LAWS(PVC)-1936-8-1

CHANAHALU SIVA REDDI Vs. OFFICIAL RECEIVER OF BELLARY

Decided On August 25, 1936
CHANAHALU SIVA REDDI Appellant
V/S
OFFICIAL RECEIVER OF BELLARY Respondents

JUDGEMENT

(1.) The appellants are two out of three brothers who have been adjudicated insolvents in I.P. No. 43 of 1931, on the file of the District Judge, Bellary. The learned District Judge has found that all the three brothers were in partnership and that the firm of which they were members was liable to be adjudicated insolvent. The eldest brother who has not appealed put up a case that the business in which the debts due to the petitioning creditors were contracted belonged to him alone and that his two younger brothers (the present appellants) had nothing to do with it. The appellants also supported that case. They pleaded that they had effected a partition from their elder brother 4 or5 years before the insolvency petition was filed. The eldest brother Ayyanha Gowd was adjudicated on his own admission and the appellants were adjudicated subsequently by the District Judge.
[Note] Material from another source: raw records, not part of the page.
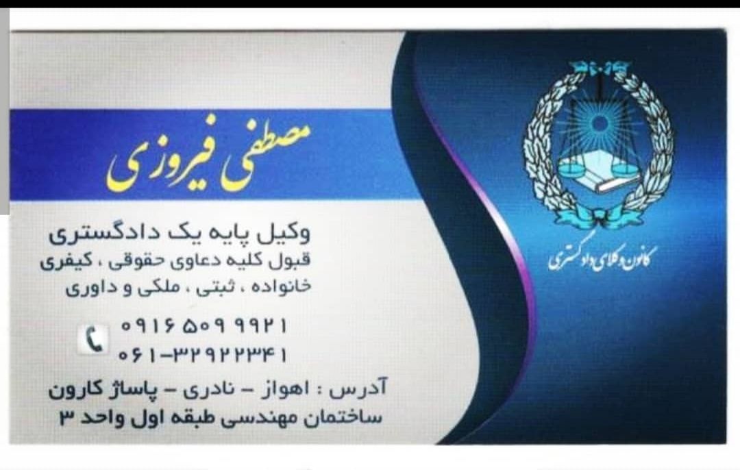 آدرس اهواز-گلستان-خيابان فروردين بین خیابان آذرودی مجتمع رتاج طبقه۴واحد۱۲ پنجاه متری بانک ملی-جنب بانک شهر و مسکن دفتر وکالت مصطفی فیروزی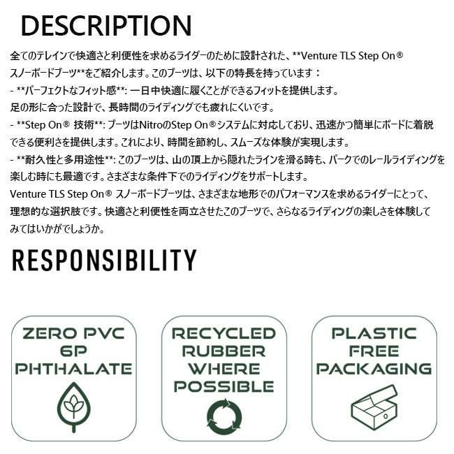25-26モデル 山全体を攻められる快適ブーツ 正規品 ナイトロ ブーツ NITRO VENTURE TLS STEP-ON 25-26 メンズ ブーツ ステップオン対応 オールマウンテンモデル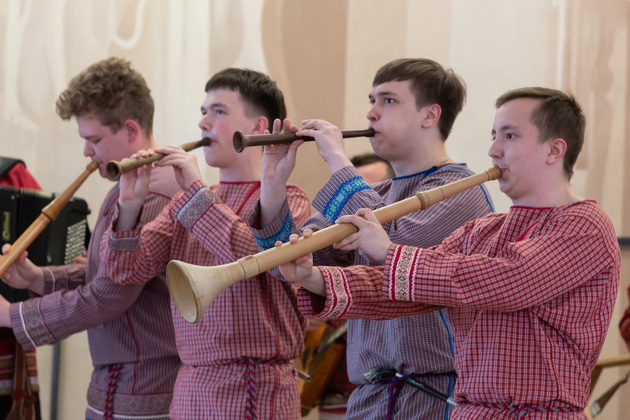 Вот так все тесно связно в современном искусстве владимирского рожка. На концерте удалось услышать очень многое из богатого репертуара обоих коллективов.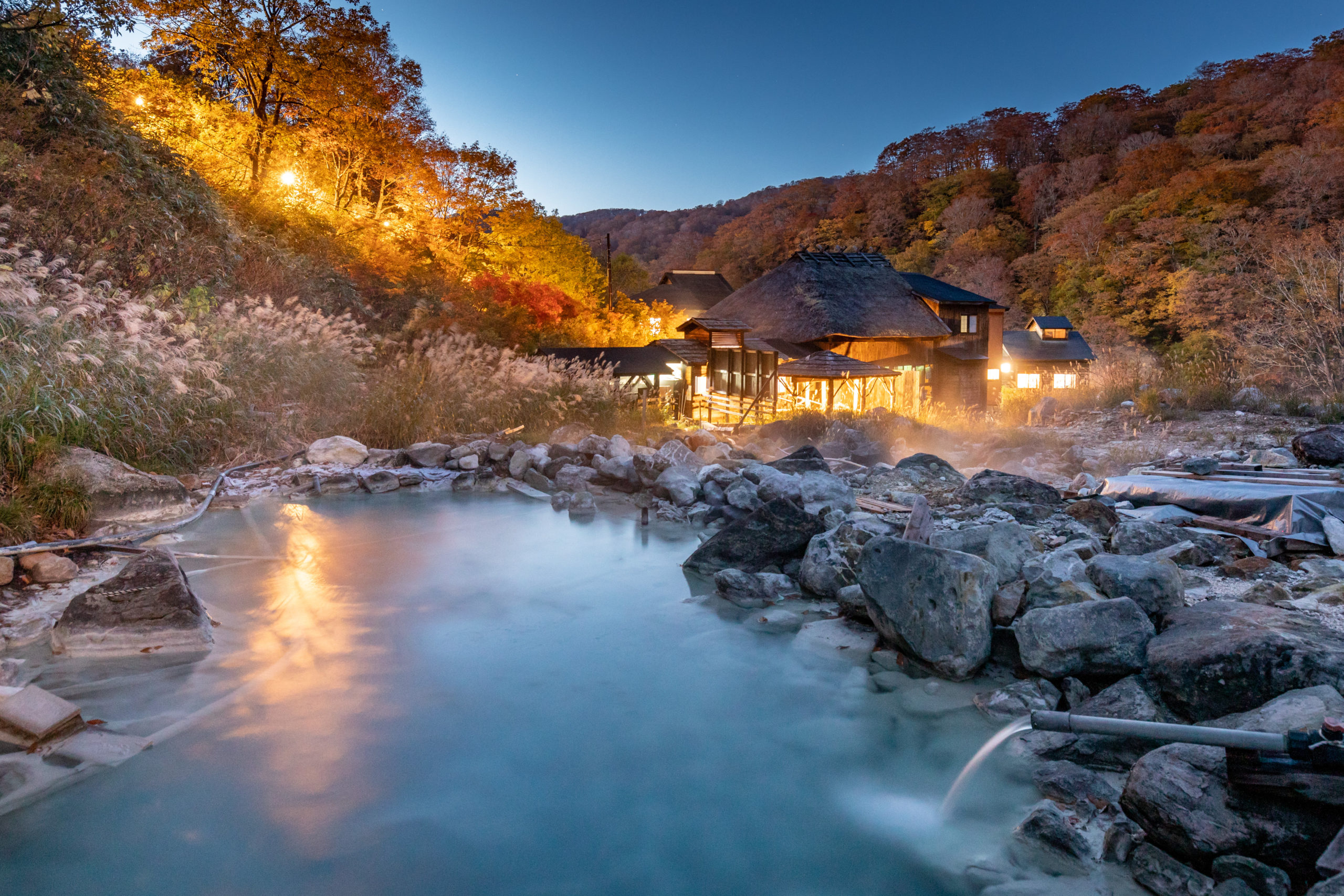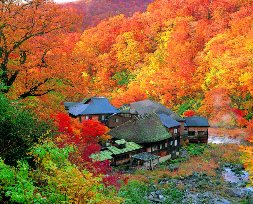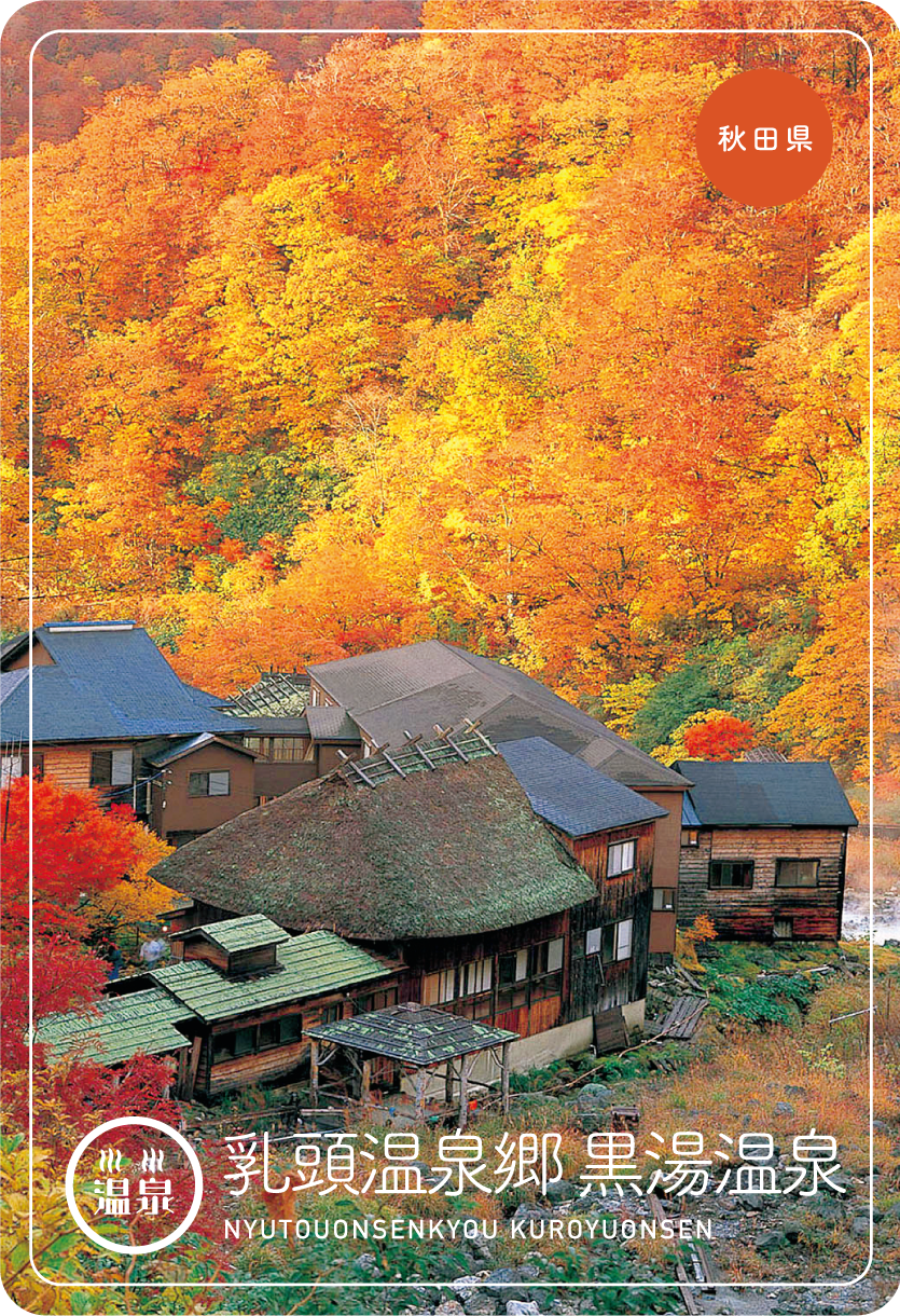 秋田県仙北市の乳頭温泉郷 黒湯温泉。渓流のせせらぎが静かにこだまする中、数軒の茅葺き、杉皮葺きの黒い宿舎や湯小屋が寄り添うように軒を連ね昔ながらの湯治場の風情を今に伝えています。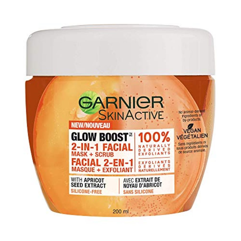 Garnier Skinactive Glow Boost 2-in-1 Facial Mask + Scrub Mask + Scrub With Apricot Seed Extract, Silicone-free, 200ml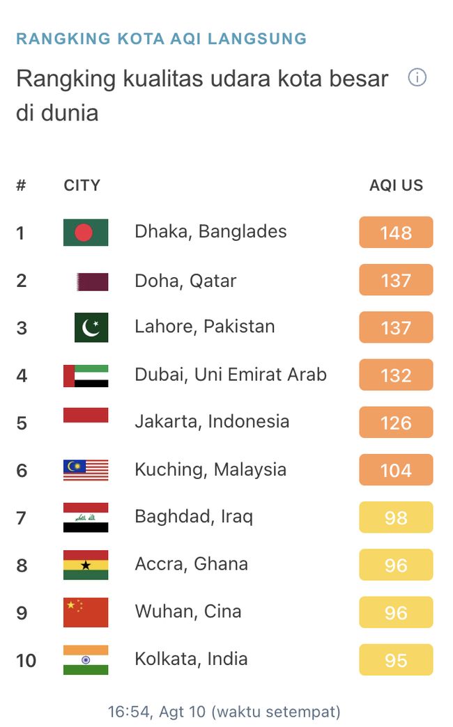 Dicek detikEdu di platform IQAir saat berita ini ditulis, Kamis (10/8/2023) per pukul 16.54 WIB, Jakarta berada di urutan 5 kota paling berpolusi di dunia. Status warnanya oranye, dengan angka indeks 126. Arti dari warna oranye, tidak sehat bagi kelompok sensitif.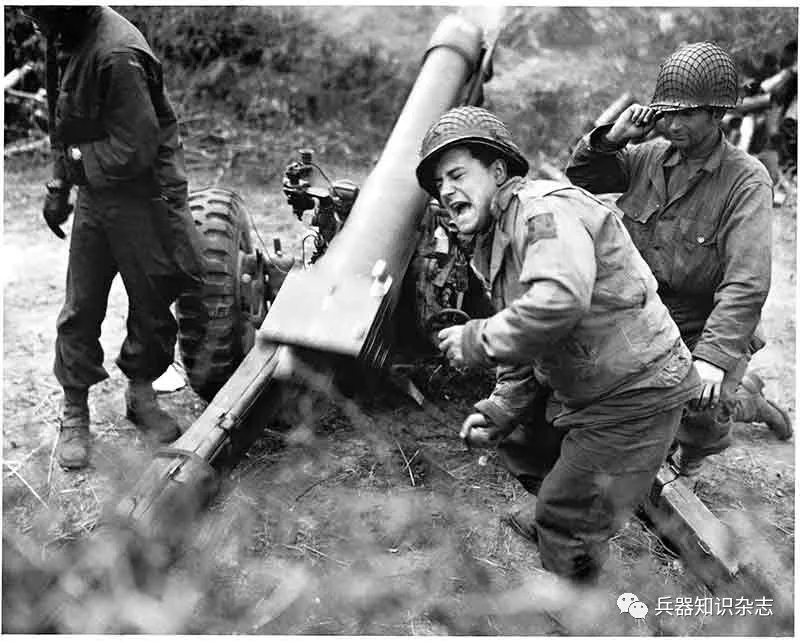 ▲ 博卡日的美军炮兵正在发射炮弹。大雨加上厚密的树篱常常给相邻部队的无线电联系造成很大困难,甚至联系不上,这给部队之间的协同作战造成了严重的麻烦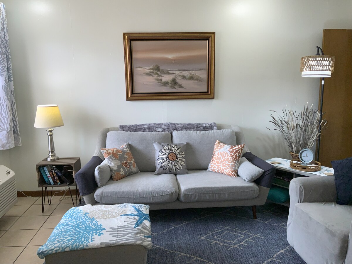 Upon entering our keyless entry unit, you'll find an open layout of the living room + kitchen. A comfy sofa & throw blanket will let you cozy up in front of the smart TV with a Hulu subscription!

(2.) It is contended on behalf of the appellants that there was no sufficient evidence to prove any partnership between these three brothers and further that even if the partnership were found to have been proved, the acts of the insolvency alleged were committed only by the eldest brother Ayyanna Gowd and that they could not suffice to support the adjudication in insolvency of the other two brothers. With regard to the question of partnership, we have no hesitation in upholding the finding of the learned District Judge. The documents (Exs. D and D-1) and the account books (Exs. G and H-O) are quite sufficient by themselves to show that the three brothers were jointly engaged in the trade. They are members of a joint family and they state in Exs. D and D-1 that the trade which was being carried on under the name of the eldest brother Ayyanna Gowd was a trade which was being conducted for the benefit of the joint family (vide Ex. D). In Ex. D-1 they said: We are trading in partnership under the name of Ayyanna Gowd.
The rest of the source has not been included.